GPU Acceleration
tropical-gemm-cuda provides NVIDIA GPU acceleration via CUDA.
Requirements
- NVIDIA GPU (compute capability 3.5+)
- CUDA Toolkit 11.0 or later
nvccin PATH
Basic Usage
use tropical_gemm::{MatRef, MaxPlus};
use tropical_gemm_cuda::{CudaContext, GpuMat};
fn main() -> Result<(), Box<dyn std::error::Error>> {
// Create CUDA context (compiles kernels on first use)

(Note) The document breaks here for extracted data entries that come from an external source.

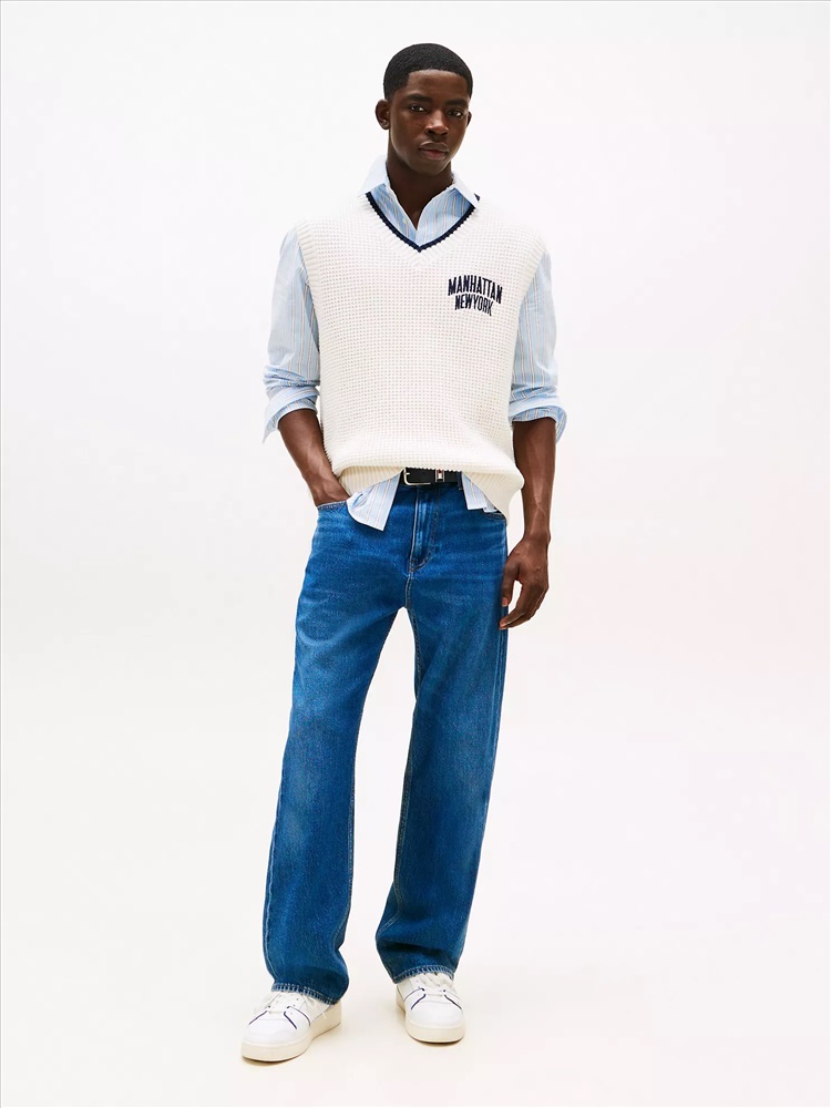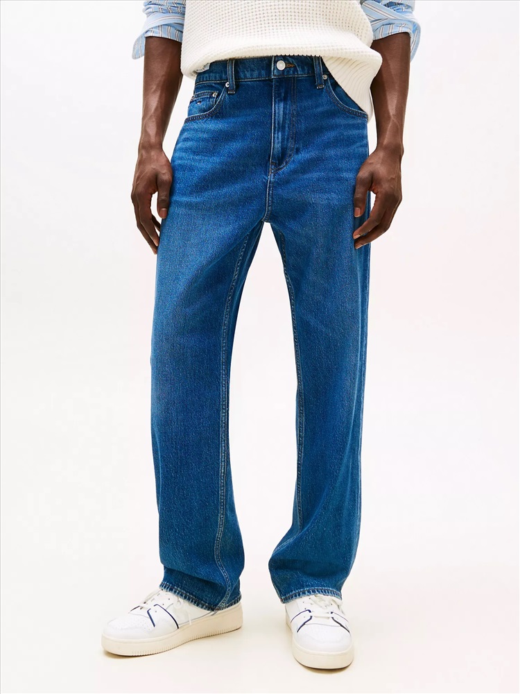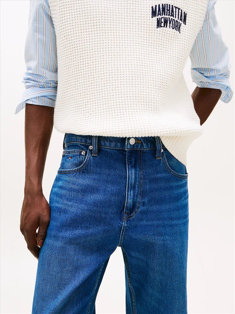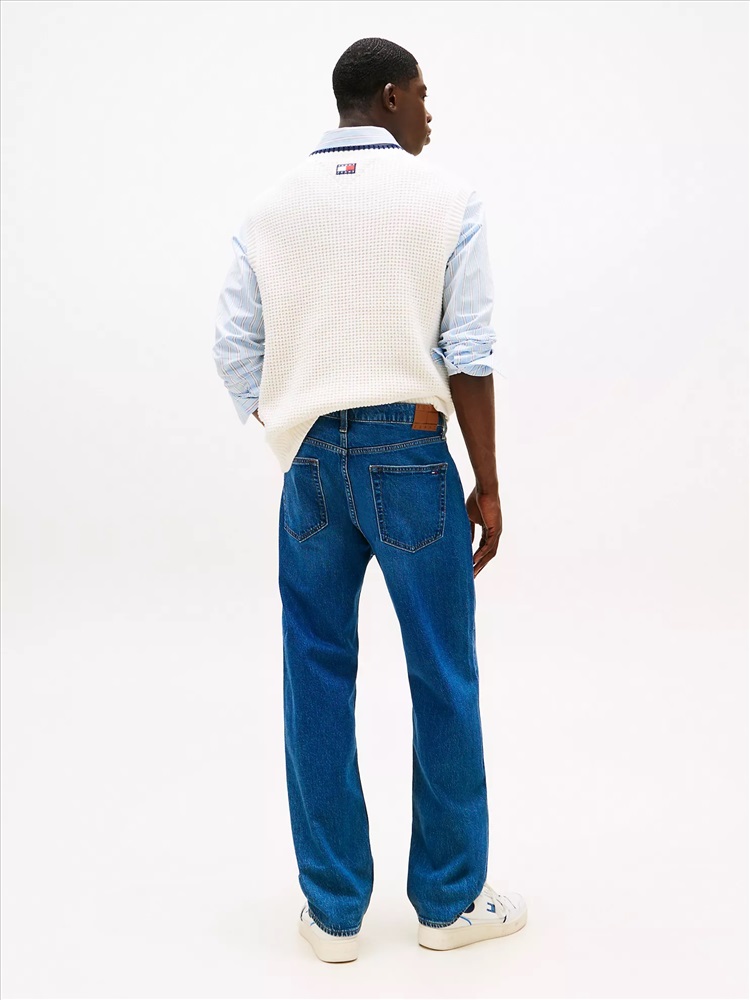 Tommy Hilfiger men's jean. Sitting slightly higher on the waist and with a roomier top, our straight-cut jeans create an effortlessly laid-back look. Part of our Tommy Jeans collection.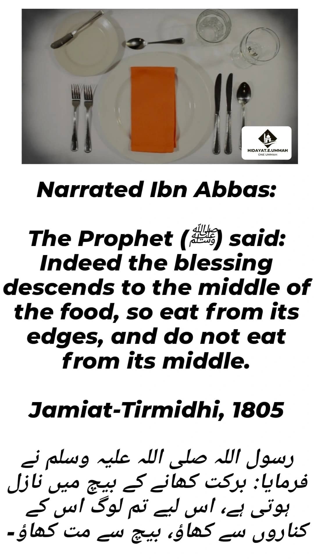 1. This hadith advises on eating etiquette and the respectful sharing of food.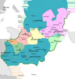 - ^ In 12th- and 13th-century Kievan Rus', the four dominant princely clans were the Olgovichi of Chernigov, the Rostislavichi of Smolensk, the Iziaslavichi of Volhynia (based in modern Volodymyr in Volyn'), and the Yurievichi of Suzdalia (alias the Vsevolodichi of Vladimir on the Klyazma).[1] 'Three of these clan founders – Vsevolod, Rostislav, and Iziaslav – were the grandsons of Volodimer Monomakh. The outlier from this set is Oleg, who was instead a cousin of Volodimer Monomakh.'[2]
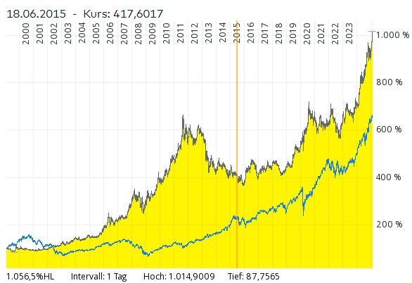 Begründung: Mein Einkommen deckt meine Ausgaben mehr als ab und Geld, das man nicht benötigt, sollte in den Aktienmarkt. Gehört später ohnehin meinen Enkeln. Und die haben Zeit.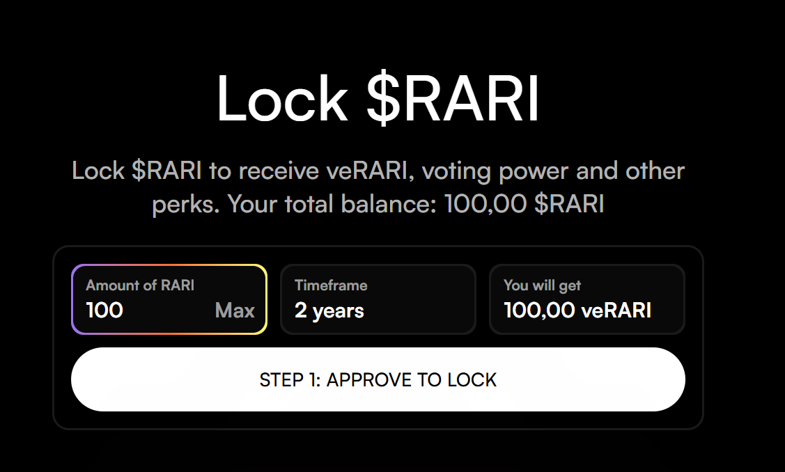 • Locking $RARI for the maximum period (2 years) gives you a 1:1 $RARI → veRARI ratio.
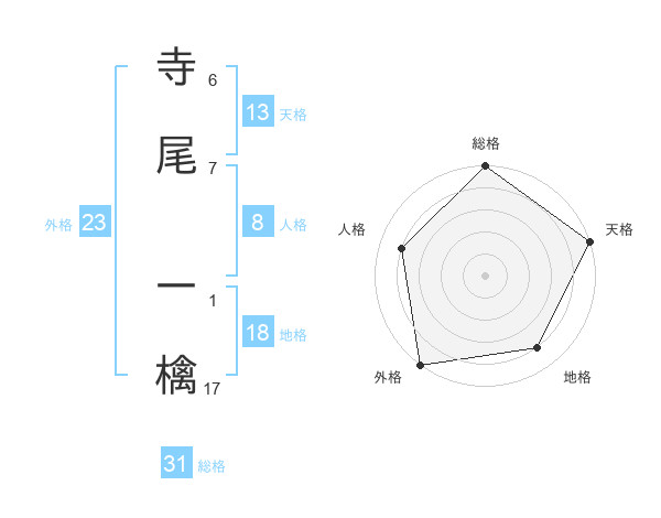 寺尾 一檎さんの総格は31画の5点!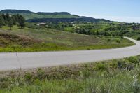 This is an image of a road in Deer Creek Canyon Park, Colorado. The road stretches through the lush green landscape, surrounded by hills and elevated terrain. The clear sky above provides a beautiful backdrop to the natural beauty of the area. This photo captures the high and elevated nature of Deer Creek Canyon Park, showcasing the scenic views and the peacefulness of the surroundings. The road, made of asphalt, invites visitors to explore and enjoy the picturesque scenery. Experience the tranquility and serenity of this stunning location in Colorado.

let ctx = CudaContext::new()?;
// Prepare CPU data
let a_data = [1.0f32, 2.0, 3.0, 4.0, 5.0, 6.0];
let b_data = [1.0f32, 2.0, 3.0, 4.0, 5.0, 6.0];
let a = MatRef::<MaxPlus<f32>>::from_slice(&a_data, 2, 3);
let b = MatRef::<MaxPlus<f32>>::from_slice(&b_data, 3, 2);
// Upload to GPU
let a_gpu = GpuMat::from_matref(&ctx, &a)?;
let b_gpu = GpuMat::from_matref(&ctx, &b)?;
// Compute on GPU
let c_gpu = a_gpu.matmul(&ctx, &b_gpu)?;
// Download result
let c = c_gpu.to_mat(&ctx)?;
println!("C[0,0] = {}", c.get_value(0, 0));
Ok(())
}
Context Reuse
The CudaContext compiles CUDA kernels on first use. Always reuse contexts
to avoid repeated compilation:
#![allow(unused)]
fn main() {
// GOOD: Reuse context
let ctx = CudaContext::new()?;
for _ in 0..100 {
let c = a_gpu.matmul(&ctx, &b_gpu)?;
}
// BAD: Creates new context each iteration
for _ in 0..100 {
let ctx = CudaContext::new()?; // Slow!
let c = a_gpu.matmul(&ctx, &b_gpu)?;
}
}
GPU Argmax
For backpropagation with GPU computation:
#![allow(unused)]
fn main() {
let ctx = CudaContext::new()?;
let a_gpu = GpuMat::from_matref(&ctx, &a)?;
let b_gpu = GpuMat::from_matref(&ctx, &b)?;
// Forward pass with argmax tracking
let result = a_gpu.matmul_argmax(&ctx, &b_gpu)?;
// Download values and argmax
let result_cpu = result.to_mat_with_argmax(&ctx)?;
let value = result_cpu.get_value(0, 0);
let k_idx = result_cpu.get_argmax(0, 0);
// Backward pass on GPU
let grad_c_gpu = GpuMat::from_matref(&ctx, &grad_c)?;
let grad_a_gpu = result.backward_a(&ctx, &grad_c_gpu)?;
let grad_b_gpu = result.backward_b(&ctx, &grad_c_gpu)?;
}
Batched GPU Operations
Process multiple matrices efficiently:
#![allow(unused)]
fn main() {
use tropical_gemm::{Mat, MaxPlus};
use tropical_gemm_cuda::{CudaContext, GpuMat};
let ctx = CudaContext::new()?;
// Upload batch to GPU
let a_batch: Vec<Mat<MaxPlus<f32>>> = /* ... */;
let b_batch: Vec<Mat<MaxPlus<f32>>> = /* ... */;
let a_gpu_batch = GpuMat::from_mats(&ctx, &a_batch)?;
let b_gpu_batch = GpuMat::from_mats(&ctx, &b_batch)?;
// Batched multiply
let c_gpu_batch = GpuMat::matmul_batched(&ctx, &a_gpu_batch, &b_gpu_batch)?;
// Download results
let c_batch = GpuMat::to_mats(&ctx, &c_gpu_batch)?;
}
One-Shot API
For simple cases without context reuse:
#![allow(unused)]
fn main() {
use tropical_gemm::TropicalMaxPlus;
use tropical_gemm_cuda::tropical_matmul_gpu;
let a = vec![1.0f32; 64 * 64];
let b = vec![1.0f32; 64 * 64];
// One-shot GPU multiplication (creates temporary context)
let c = tropical_matmul_gpu::<TropicalMaxPlus<f32>>(&a, 64, 64, &b, 64)?;
}
Performance Comparison
| Size | CPU SIMD | GPU | Speedup |
|---|---|---|---|
| 256 | 4.1 ms | 0.032 ms | 128x |
| 512 | 32.8 ms | 0.086 ms | 381x |
| 1024 | 262.3 ms | 0.358 ms | 733x |
| 2048 | 2091.6 ms | 2.510 ms | 833x |
GPU becomes advantageous for matrices larger than ~256×256.